2016

Ja, 2015, war ein gutes Jahr. Ich hatte den Geruch von Thymian auf Rhodos im Juni, einen Taxifahrer, der mich mitnahm, obwohl ich meine Geldtasche zuhause vergessen hatte, ich habe endlich batteriebetriebene Christbaumkerzen mit Flackerfunktion und ein Schlauchboot mit Strickleiter, ich habe die Sonnenfinstenis gesehen und ich habe herausgefunden, dass meine vermeintlich schwere Krankheit nur eine Fruktose-Intoleranz ist. 

Selbstverständlich gab es auch Niederlagen. Der Catfish, den ich über drei Stunden liebevoll zubereitet hatte, war mit Abstand das Entsetzlichste, das ich je gekocht oder überhaupt irgendwann irgendwo gegessen habe. Ich habe immer noch keine Platzreife. Ich bin fruktoseintolerant und ich habe zehn Euro beim Pferderennen verloren.

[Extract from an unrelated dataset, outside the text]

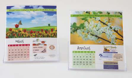 Τα επιτραπέζια ημερολόγια είναι ένα πρακτικό και λειτουργικό δώρο που μπορεί να χαρίσει κανείς στους συνεργάτες του ή στους πελάτες του. Στο τυπογραφείο μας, προσφέρουμε εκτυπώσεις επιτραπέζιων ημερολογίων σε διάφορα μεγέθη και σχέδια, με τη δυνατότητα επιλογής υλικού και φινιρίσματος. Επίσης, προσφέρουμε επιλογές εκτύπωσης σε ημερολόγια σε καμβά, ψηφιακά εκτυπωμένα, σουπλά και φυλλάδια. Είμαστε διαθέσιμοι για να σας βοηθήσουμε να σχεδιάσετε το ιδανικό επιτραπέζιο ημερολόγιο που θα κάνει την εταιρική σας δωροεπιταγή ξεχωριστή. Επικοινωνήστε μαζί μας για περισσότερες πληροφορίες και προσφορές.
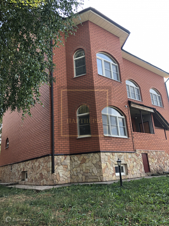 ДОМ 380 м². из бетонных блоков, в отделке из облицовочного кирпича, состоит из 3-х этажей с балконами и цокольного этажа.

Meine Vorhaben für 2016 sind überschaubar:

  • Den Barcelona-Pavillon von Mies van der Rohe als Wohnhaus nachzubauen und zwar ausschließlich aus historischen Holzbalken – das Buch “Architektur für Dummies” ist bereits bestellt. Vielleicht wird das auch die Aufgabe für die kommenden Dekaden.
  • Alle 200 Bücher zu lesen, die ich 2014 und 2015 gekauft habe.
  • In St. Petersburg Ende Juni Neujahr zu feiern (in der Purga-Bar, die wir auch schon in Moskau vergeblich gesucht haben, obwohl uns ein betrunkener Taxifahrer direkt vor den Eingang gefahren hat).
  • Endlich wieder anfangen zu laufen und zwar noch heute und bei Glatteis.
  • Fehler ungezwungen einfach ein paar mal zu wiederholen als sichtbares Zeichen gegen die Selbstoptimierung.
  • Keine neuen Abos zu bestellen!
  • Einen Kuchen zu backen, den ersten meines Lebens. Einen Ribiselkuchen.
  • Und falls ich das alles nicht schaffe: Zu rauchen anzufangen. Hilft immer.